Look at the signals. Women’s college volleyball just delivered its most-watched season ever. Over 1.3 billion minutes consumed across ESPN platforms. Average viewership up 13% year-on-year. Four matches in the 2025 NCAA tournament crossed the one-million-viewer mark. The national championship peaked at 1.7 million viewers - numbers that would have been unthinkable for the sport a decade ago. Even the regular season surged, with TV audiences up 36%. This isn’t a niche anymore. It’s appointment viewing.

Then came the moment that crystallised everything. In Nebraska, 92,003 fans packed into a football stadium for a volleyball match, the largest attendance ever for a women’s sporting event anywhere in the world. “Volleyball Day in Nebraska” wasn’t just a record; it was a cultural statement. Proof that the audience isn’t hypothetical. It exists, it shows up, and it’s emotionally invested.

Underneath that headline moment sits an even more powerful foundation. Volleyball is now the most-played team sport for high school girls in the United States, overtaking basketball. Nearly half a million girls competed at the high school level in 2024–25, with participation still rising in an already mature sports market. Texas alone counts more than 52,000 high school players. That’s not just a pipeline, it’s an ecosystem of athletes, families, schools, clubs, and communities deeply embedded in the sport.

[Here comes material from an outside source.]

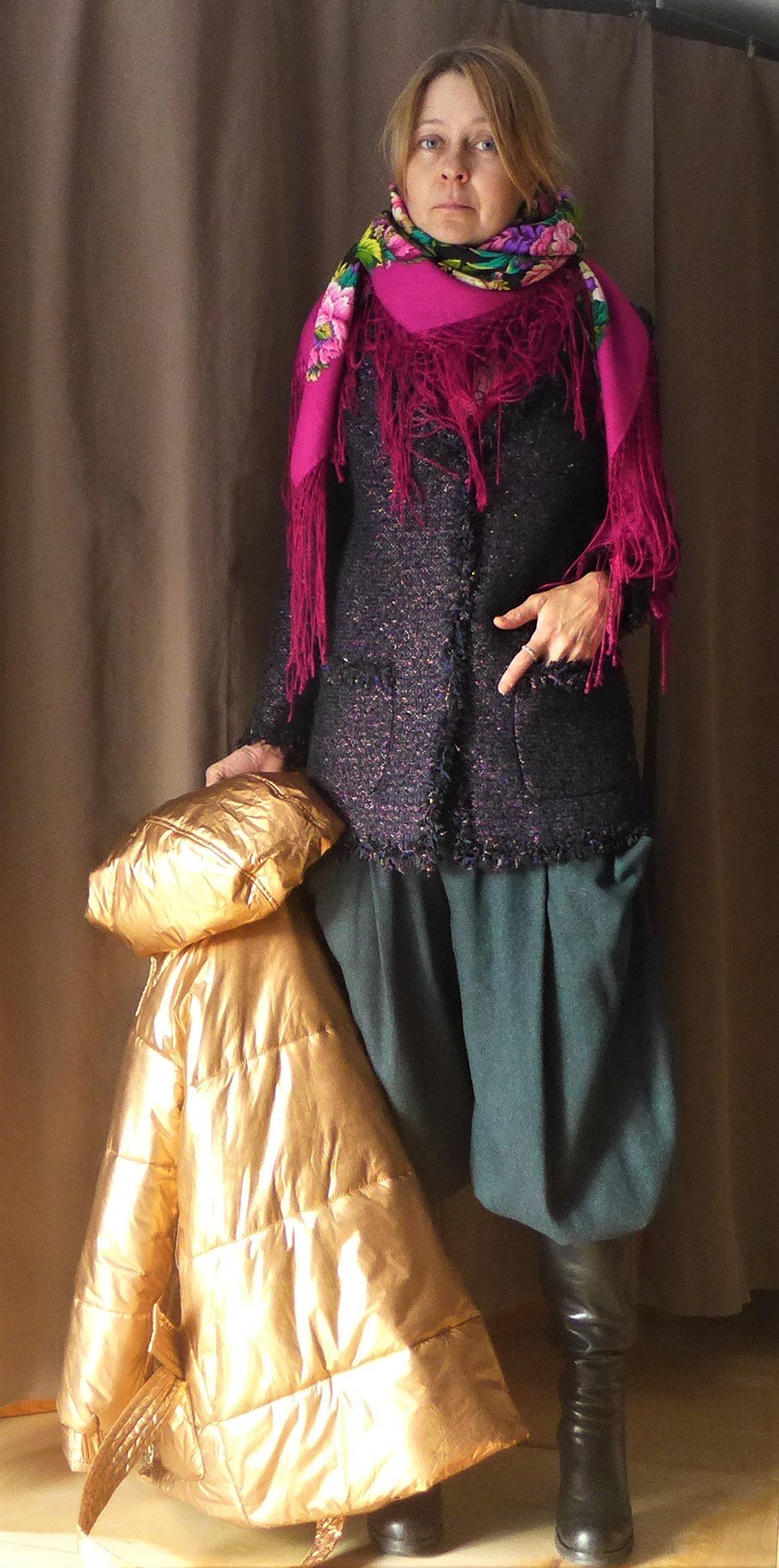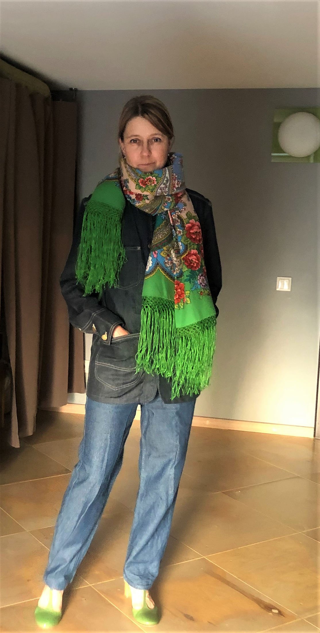 тут интрига в том, что джинсовый жакет куплен в мужском отделе ЭйчМ, так что топорщится на спине весьма выразительно

This is what a “why now” moment actually looks like. Massive grassroots participation at the base. Surging fandom at the collegiate level. A generation of players and fans who care deeply and, until recently, had nowhere to go once the college season ended. For years, elite American talent had to leave the country to turn professional. Domestic fans were left with Olympic spikes every four years and little else in between.

League One Volleyball (LOVB) is entering the market precisely at this inflection point. Not to create demand, but to finally capture it. The sport is ready. The audience is ready. The system beneath it has already been built. LOVB’s bet is simple and powerful: that American volleyball has outgrown the amateur ceiling, and that the next phase is professional, permanent, and commercially meaningful.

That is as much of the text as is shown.